“Some one going out! Who can it be at this hour of the night? ’Tis nearly twelve!”
“Quite twelve, I should think,” answered Lora. “That game of lansquenet kept us so long. It was half-past eleven, before we were through with it. Who should be going abroad so late, I wonder?”
Both maidens stood in the embayment of the window—endeavouring, with their glances, to penetrate the darkness outside.
The attempt would have been vain, had the obscurity continued; but, just then, a vivid flash of lightning, shooting athwart the sky, illuminated the lawn; and the park became visible to the utmost limit of its palings.
The window of Marion’s bedchamber opened upon the avenue leading out to the west. Near a spot—to her suggestive of pleasant memories—she now beheld, by the blaze of the electric brand, a sight that added to her uneasiness.
Two horsemen, both heavily cloaked, were riding down the avenue—their backs turned towards the house, as if they had just taken their departure from it. They looked not round. Had they done so at that instant, they might have beheld a tableau capable of attracting them back.

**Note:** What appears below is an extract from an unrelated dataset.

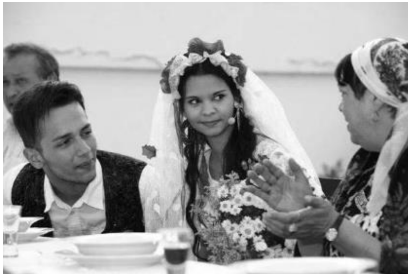
Figure 7. Young Roma bride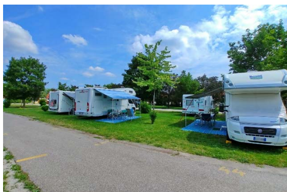
Terme Čatež - Camping

In a wide-bayed window, whose low sill and slight mullions scarce offered concealment to their forms, were two beautiful maidens—lovely virgins—robed in the negligent costume of night—their heads close together, and their nude arms mutually encircling one another’s shoulders, white as the chemisettes draped carelessly over them.

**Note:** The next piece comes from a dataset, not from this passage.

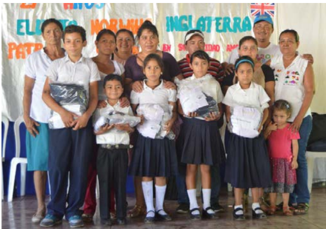
Children with their new uniform packages

Only for an instant was this provoking tableau exhibited. Sudden as the recession of a dissolving view, or like a picture falling back out of its frame, did it disappear from the sight—leaving in its place only the blank vitreous sheen of the casement.
Abashed by that unexpected exposure—though it was only to the eye of heaven—the chaste maidens had simultaneously receded from the window, before the rude glare that startled them ceased to flicker against the glass.
Sudden, as was their retreating movement, previous to making it, they had recognised the two-cloaked horsemen, who were holding their way along the avenue.